Methods: A retrospective analysis of prospectively collected data from an AS cohort has been performed. The primary outcome was the first CV event. The discriminatory ability of the algorithms was evaluated using the area under the receiver operating characteristic (ROC) curve (AUC), which is like the concordance-statistic (c-statistic).
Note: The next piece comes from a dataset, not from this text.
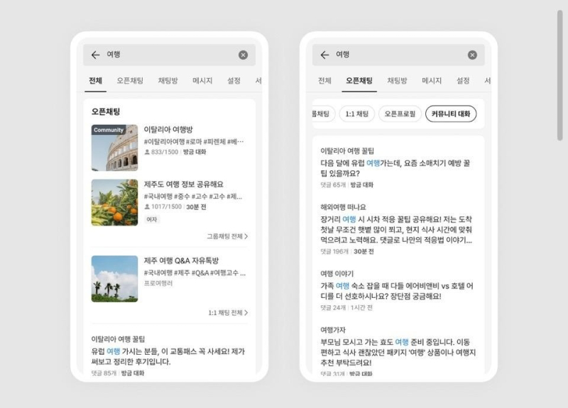 검색 탭에서는 키워드로 이모티콘을 찾을 수 있다. ‘ㅠㅠ’나 ‘또르르’를 입력하면 눈물을 흘리는 이모티콘이 나타난다. 중앙의 이모티콘 탭은 최근 사용하거나 즐겨찾기한 이모티콘을 보여준다. 이 외에도 오픈채팅 커뮤니티에서는 키워드로 대화를 검색할 수 있게 됐다.

Three ML techniques were considered to calculate the CV risk: support vector machine (SVM), random forest (RF), and k-nearest neighbor (KNN).

Results: Of 133 AS patients enrolled, 18 had a CV event. c-statistic scores of 0.71, 0.61, 0.66, 0.68, 0.66, 0.72, and 0.67 were found, respectively, for SCORE, CUORE, FRS, QRISK2, QRISK3, RRS, and ASSIGN. AUC values for the ML algorithms were: 0.70 for SVM, 0.73 for RF, and 0.64 for KNN. Feature analysis showed that C-reactive protein (CRP) has the highest importance, while SBP and hypertension treatment have lower importance.

Conclusions: All of the evaluated CV risk algorithms exhibit a poor discriminative ability, except for RRS and SCORE, which showed a fair performance. For the first time, we demonstrated that AS patients do not show the traditional ones used by CV scores and that the most important variable is CRP. The present study contributes to a deeper understanding of CV risk in AS, allowing the development of innovative CV risk patient-specific models.